Daptomycin is an attractive option for treating prosthetic joint infection, but the 6-mg/kg of body weight/day dose was linked to clinical failure and emergence of resistance. Using a methicillin-resistant Staphylococcus aureus (MRSA) knee prosthesis infection in rabbits, we studied the efficacies of high-dose daptomycin (22 mg/kg given intravenously [i.v.] once daily [o.d.]; equivalent to 8 mg/kg/day in humans) or vancomycin (60 mg/kg given intramuscularly [i.m.] twice daily [b.i.d.]), both either alone or with adjunctive rifampin (10 mg/kg i.m. b.i.d.). After partial knee replacement with a silicone implant, 107 MRSA CFU was injected into the knees.
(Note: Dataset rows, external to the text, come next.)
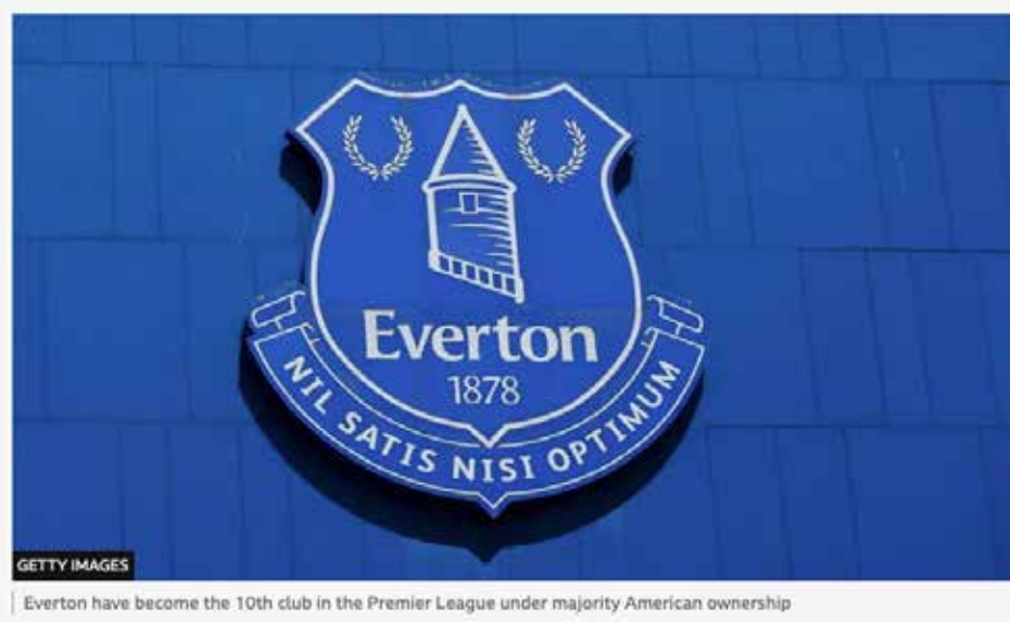
Everton have become the 10th club in the Premier League under majority American ownership
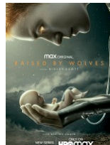
Raised by Wolves
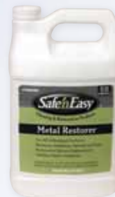
GAL-10902 5 GAL-0902

Safe n' Easy® Metal Restorer is a specially formulated environmentally friendly product for cleaning metal surfaces. A concentrated product, it quickly removes oxidation, hard water stains, rust, mineral deposits, grease and other contaminants from copper, brass, bronze, stainless steel, aluminum and glass surfaces. The addition of an inhibitor in Metal Restorer prevents rust and oxidation from quickly reforming. The inhibitor possesses unique chemical and physical properties, building both mechanical and electromechanical barriers against corrosive agents such as cleaning solutions and pollutants. Metal Restorer does not contain any bleach, abrasives, caustic, hydrofluoric or muriatic acid or petroleum distillates. Coverage: 150/200 sq. feet per gallon. Available in Gallons and 5 Gallon Pails.
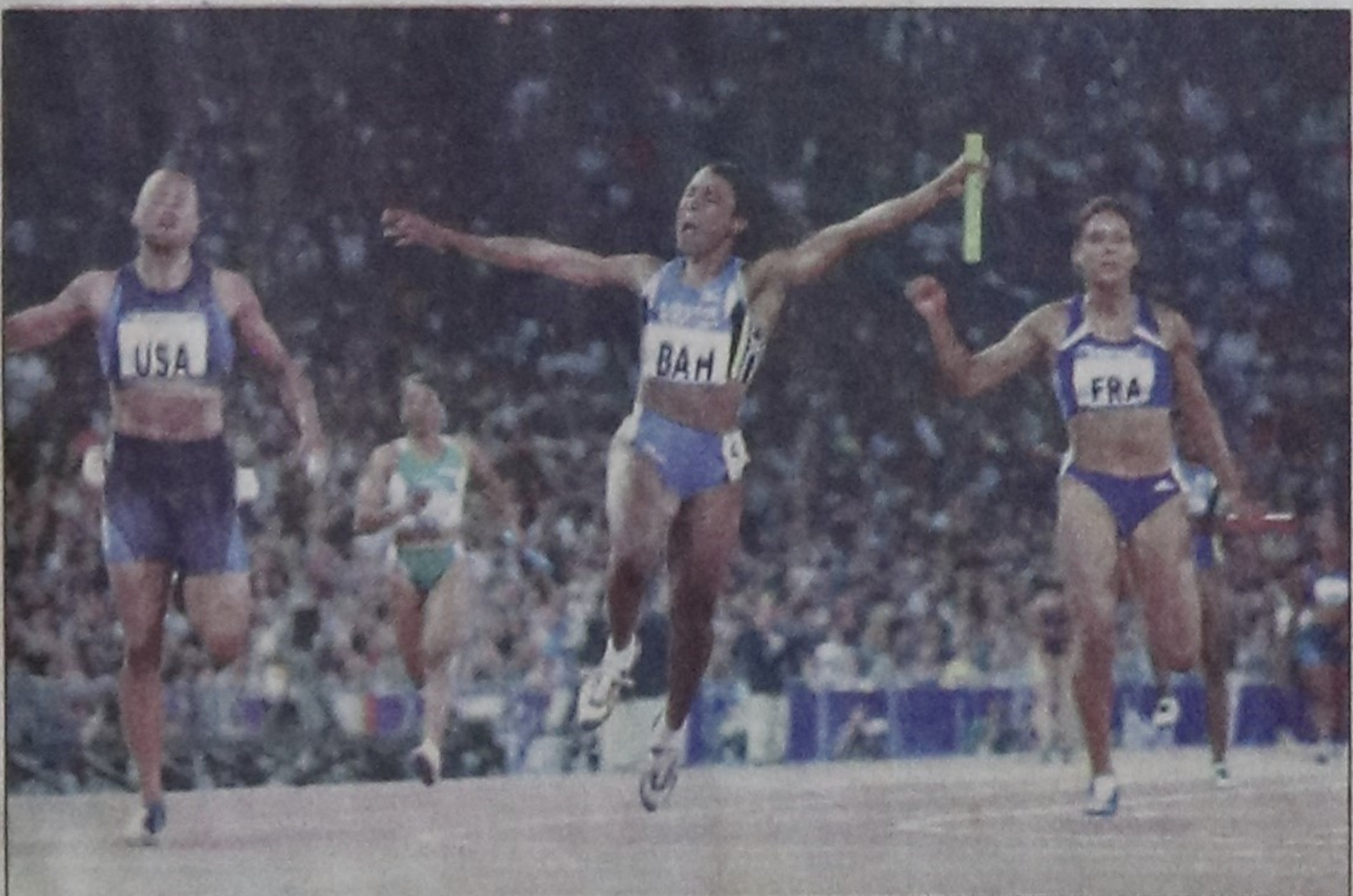
BAHAMA BLITZ: Bahama's Debbie Ferguson (C) is ecstatic after crossing the finish line ahead of Christine Arron of France (R) and Marion Jones of the US to give her team the Olympic gold in the women's 4x100m relay final yesterday.

Disappointments have been few and far between save an embarrassing exit in the 200m 1992 Olympic semi-finals and pulling up injured in his bitter duel with 100m Olympic champion Donovan Bailey, who accused him of being a chicken.
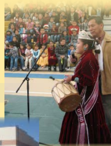
Dedication December 2009

With these completed projects and with the completion of 110 OFMC projects funded by the American Recovery and Reinvestment Act of 2009, the number of Indian Affairs schools listed in "poor" condition in FMIS will be lowered to 63. In FY2001, 120 of 183 Bureau of Indian Education schools and residential dormitories were in poor condition.
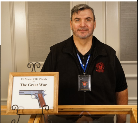
US Model 911 Pistols "The Great War"

IN HONOR OF THE 100TH ANNIVERSARY OF THE FIRST WORLD WAR A CASH PRIZE OF $100 WILL BE AWARDED FOR BEST-OF-SHOW DISPLAY AT THE 2017 FALL/WINTER SHOW
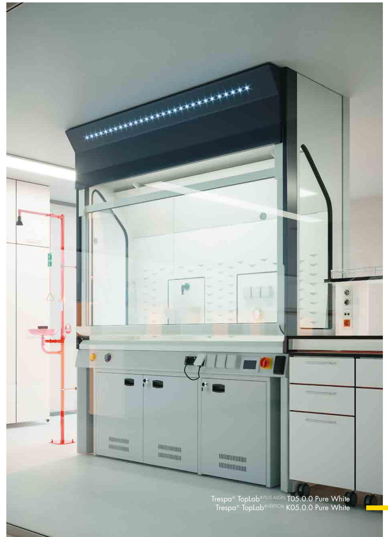
Trespa® TopLab® PLUS ALIGN T05.0.0 Pure White Trespa® TopLab® VERTICAL K05.0.0 Pure White
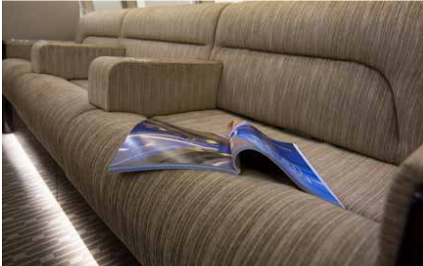
Aft Divan Detail
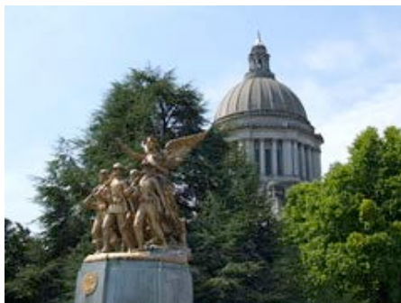
Winged Victory Monument in front of Capitol Building
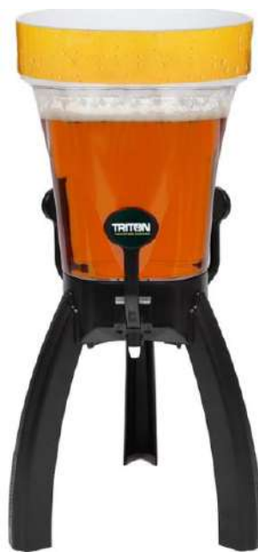
Classic 5 Liter
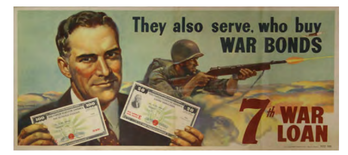
Figure 13. A 7th War Loan poster featured a GI blazing away with a Reising Model 50 Submachine Gun without a magazine.

16). Many police departments were early adopters of the weapon, and it provided reputable service in the law enforcement environment for many years. The Reising SMG tested very well, and was seriously considered for adoption by the Soviet military, who visited H&R, and took delivery of some units. The weapon even appeared in a Soviet manual of the early WWII period, but was not acquired by them in any large numbers. The U.S. Marines became the first to adopt the Reising in large quantity.
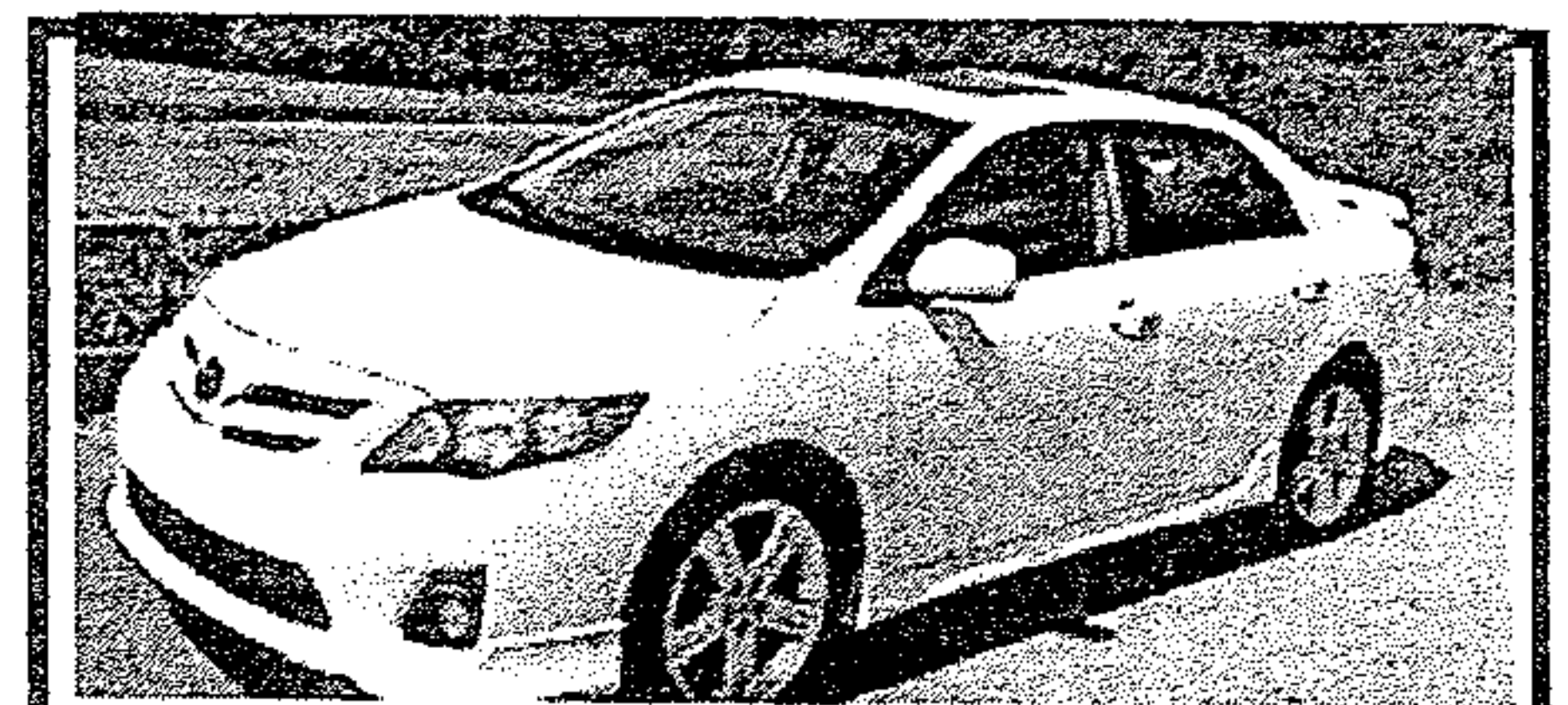
2013 Toyota Corolla Low Miles, Like New, Local Car, Alloy Wheels, PW, PL, 4 Cyl, A/C, Auto
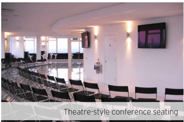
Theatre-style conference seating
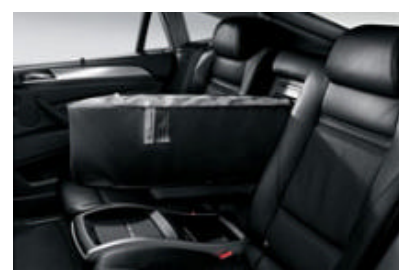
□ Ski Bag for clean and safe transport of up to four pairs of skis with up to four occupants in the vehicle. Whenever the Ski Bag is not required, it remains stored conveniently and out of sight behind the centre armrest.
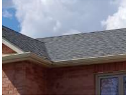
Pic. 2: Updated roof covering
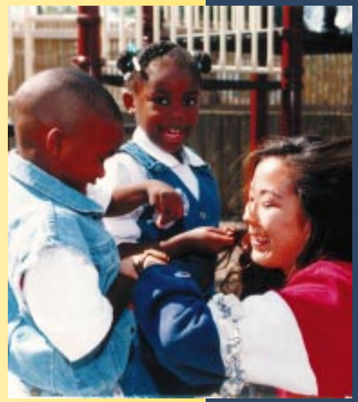
The United States Report for Habitat II
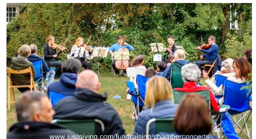
The audience brought their own chairs

Everything was organised in line with Covid regulations, which meant we couldn't publicise it very widely (sorry if you missed out!) or have extras like cream teas or stalls.
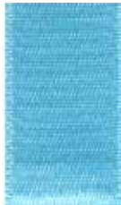
035 Swiss Satin 70 Aqua
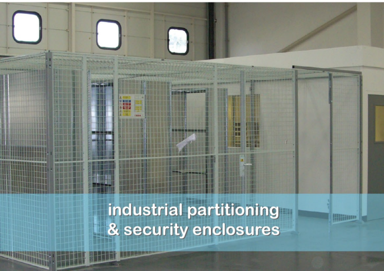
industrial partitioning & security enclosures
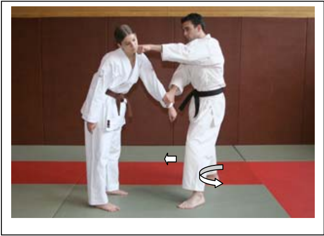
ATEMI DE BASE

Treatment started 7 days postinoculation and lasted 7 days. Positive cultures were screened for the emergence of mutant strains, defined as having 3-fold-increased MICs. Although in vivo mean log10 CFU/g of daptomycin-treated (4.23 ± 1.44; n = 12) or vancomycin-treated (4.63 ± 1.08; n = 12) crushed bone was significantly lower than that of controls (5.93 ± 1.15; n = 9) (P < 0.01), neither treatment sterilized bone (2/12 and 0/12 rabbits with sterile bone, respectively). Daptomycin mutant strains were found in 6/12, 3/12, and 2/9 daptomycin-treated, vancomycin-treated, and control rabbits, respectively; no resistant strains emerged (MIC was always <1 mg/liter). Adjunctive rifampin with daptomycin (1.47 ± 0.04 CFU/g of bone [detection threshold]; 11/11 sterile bones) or vancomycin (1.5 ± 0.12 CFU/g of bone; 6/8 sterile bones) was significantly more effective than monotherapy (P < 0.01) and prevented the emergence of daptomycin mutant strains. In this MRSA joint prosthesis infection model, combining rifampin with daptomycin was highly effective. Daptomycin mutant strains were isolated in vivo even without treatment, but adjunctive rifampin prevented this phenomenon, previously found after monotherapy in humans.